Willkommen zur JAV-Tagesschau

14. Mai 2024
JAVen2023

Die Jugend- und Auszubildendenvertretungen des Südwestrundfunks erzielten zahlreiche Verbesserungen für die Lernenden und erhielten dafür beim DPRP 2023 den Sonderpreis der DGB-Jugend. Jan Brödner und Safi Meddah berichten, wie die JAV sicht- und hörbar wird und warum Vernetzung so wichtig ist.

Wie wirkt sich der Spardruck bei den Öffentlich-Rechtlichen auf die Lernenden aus?

In der öffentlichen Wahrnehmung herrscht häufig noch die Meinung, dass ARD und ZDF das Geld mit vollen Händen ausgeben würden. Aber weit gefehlt. Der Spardruck ist gewaltig und auf allen Ebenen zu spüren. Das betrifft auch uns Lernende. Ob es um die Betreuung vor Ort geht, finanzielle Mittel für die Ausbildung oder auch die Wertschätzung der jungen Mitarbeitenden – da geht einiges an Qualität verloren.

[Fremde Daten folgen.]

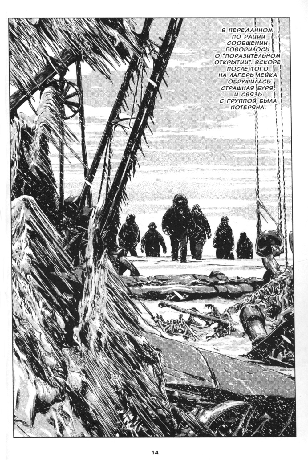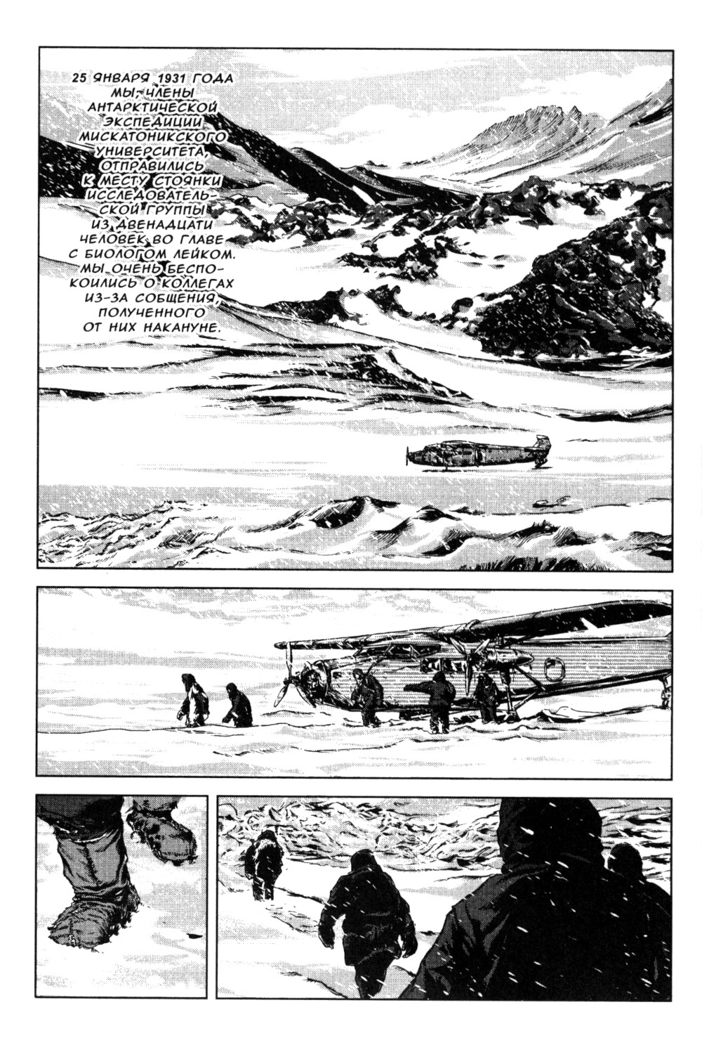 Полярная экспедиция сталкивается с запредельным ужасом древних веков. Это описание заброшенного ледяного города "древних", уводящего в недра земли. Графическая адаптация Г.Ф. Лавкрафта от Го Танабэ.
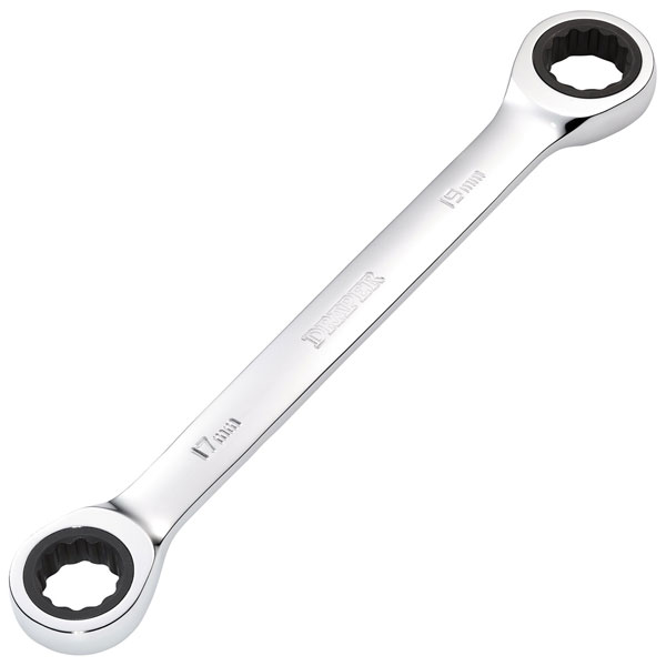 This Draper HI-TORQ® metric double ratchet ring spanner is forged from chrome vanadium steel that is hardened, tempered, fully polished and mirror chrome plated for corrosion protection.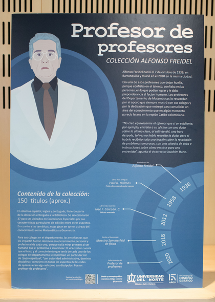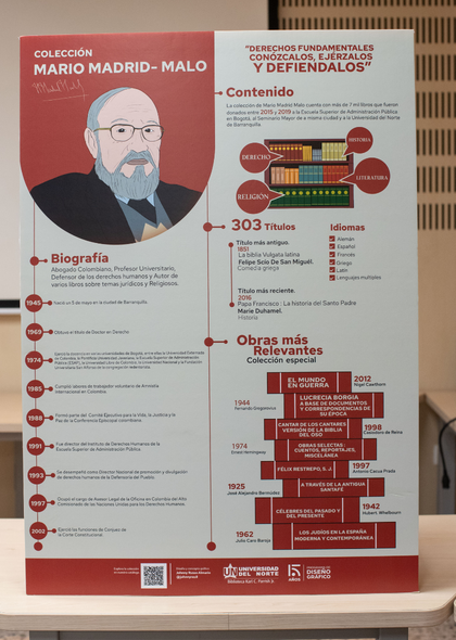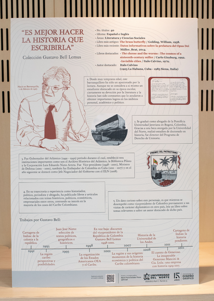 Con el objetivo de visibilizar y promover la consulta y divulgación de las Colecciones Especiales de la Biblioteca Karl C. Parrish Jr., los programas de Diseño Gráfico e Historia y Ciencias Sociales de la Universidad del Norte presentaron el 2 de diciembre el proyecto 'Colecciones Especiales: libros, lecturas y lectores´, realizado por estudiantes de séptimo y octavo semestre de Diseño, cuyos resultados estuvieron expresados en la creación de 16 infografías sobre los personajes más destacados de la cultura y ciencia en Barranquilla y otras partes del país.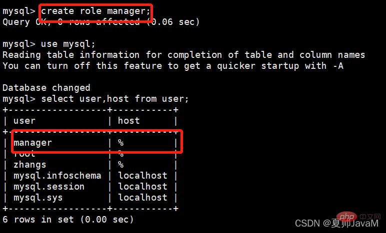 CREATE ROLE 'manager'@'localhost';效果如下图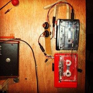 2 cassettes joined by laser-cut acrylic and tape loop, feedback routing and attenuators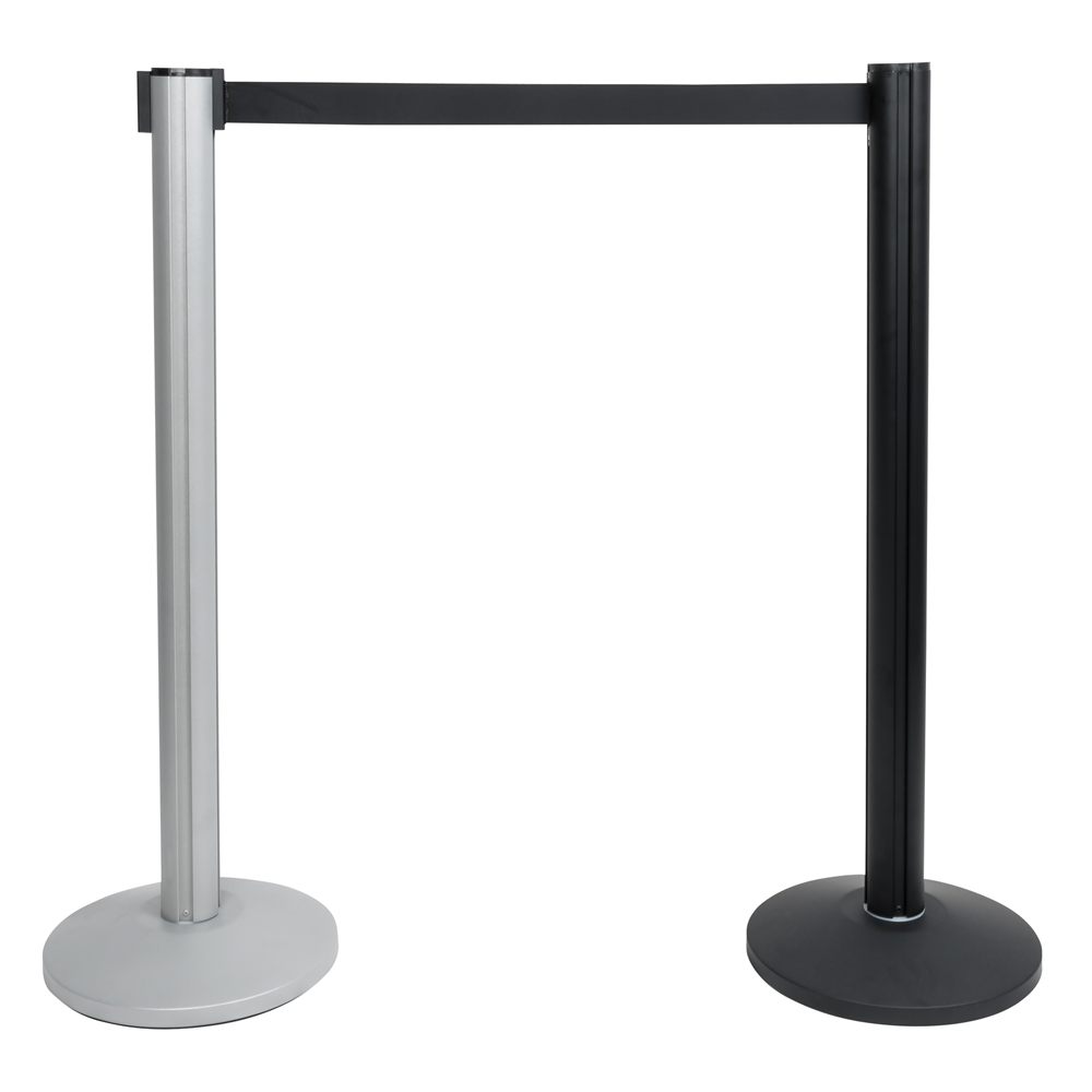 Nem at bruge PRO publikumsbarriere med en 1.06 m pin og en 10 kg base. Udstyret med et justerbart bælte (maksimal længde 2 m), som kan fastgøres til den næste publikumsbarriere gennem en nem at bruge skydemekanisme.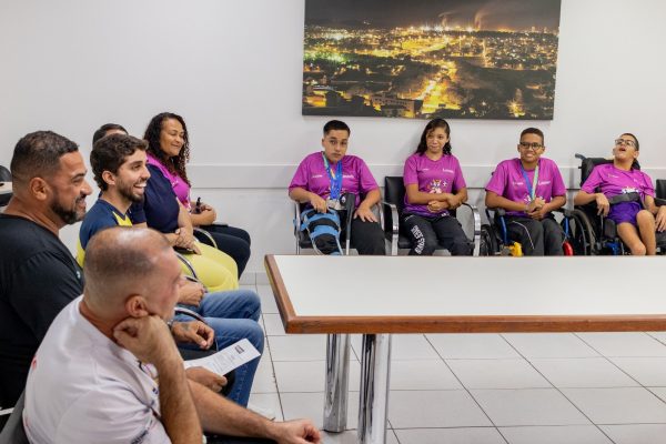 A equipe do Projeto Paralímpico Educação Integral 7 de Outubro /Liespe, apoiada pela Prefeitura de Ipatinga, foi recebida em clima de festa, nesta segunda-feira (11), no gabinete do prefeito Gustavo Nunes. Na oportunidade, os atletas e a comissão técnica apresentaram as medalhas e resultado obtido nas finais da Paralímpiada Estudantil disputada entre 27 de novembro de 2 de dezembro, em São Paulo. Os atletas voltaram com 11 medalhas, duas de ouro, oito de prata e uma de bronze, representando com garra o município junto à delegação mineira.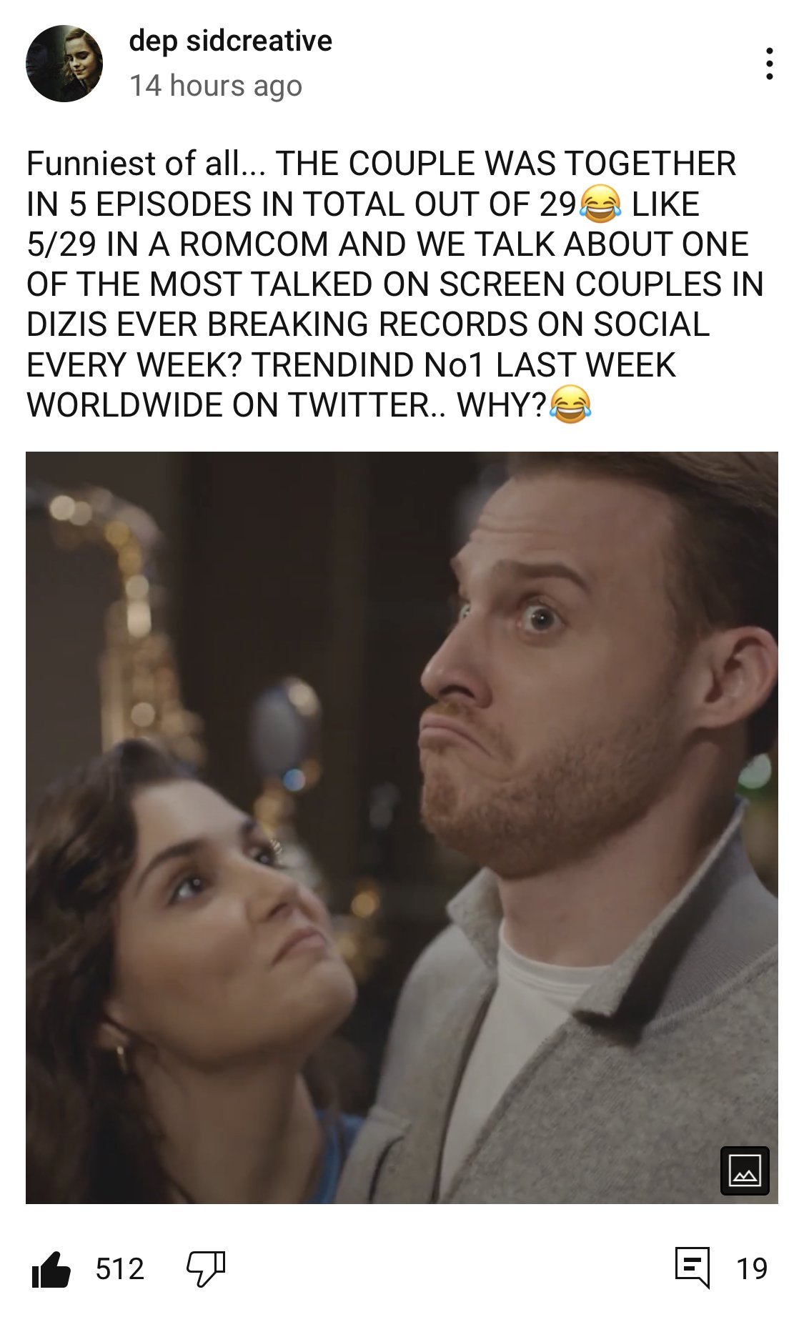 Превод в резюме: “Най-забавното от всичко е, че двойката са били заедно в 5 от 29 епизода, а сме ромком и това е една от най-обсъжданите дизи двойки за всички времена - номер едно в социалните медии всяка седмица и световен тренд миналата седмица в Туитър.”

Wir haben daher eine Umfrage unter den insgesamt rund 160 Azubis, Dual-Studierenden und Volontär:innen durchgeführt und alle Beteiligten mit ins Boot geholt, um Verbesserungen zu erzielen.

Wie seid Ihr vorgegangen?

Wir haben von Beginn an darauf gesetzt, uns standortübergreifend zu vernetzen und intensiv untereinander auszutauschen. Das ist nicht nur zwischen den einzelnen JAV-Gremien an den SWR-Standorten, u.a. in Baden-Baden, Mainz und Stuttgart, erfolgt. Wir haben – neben dem Gespräch mit den verantwortlichen Abteilungs- und Geschäftsleitungen sowie der Intendanz – auch den Austausch mit dem Personalrat, der Schwerbehindertenvertretung und den Beauftragen für Chancengleichheit und Vielfalt gesucht. Außerdem haben wir uns auch ARD-weit vernetzt, um über die einzelnen Sendeanstalten hinaus von anderen zu lernen. Uns war von Anfang an klar, dass wir umso mehr Gehör finden, je enger wir uns zusammenschließen und auf unsere Anliegen aufmerksam machen.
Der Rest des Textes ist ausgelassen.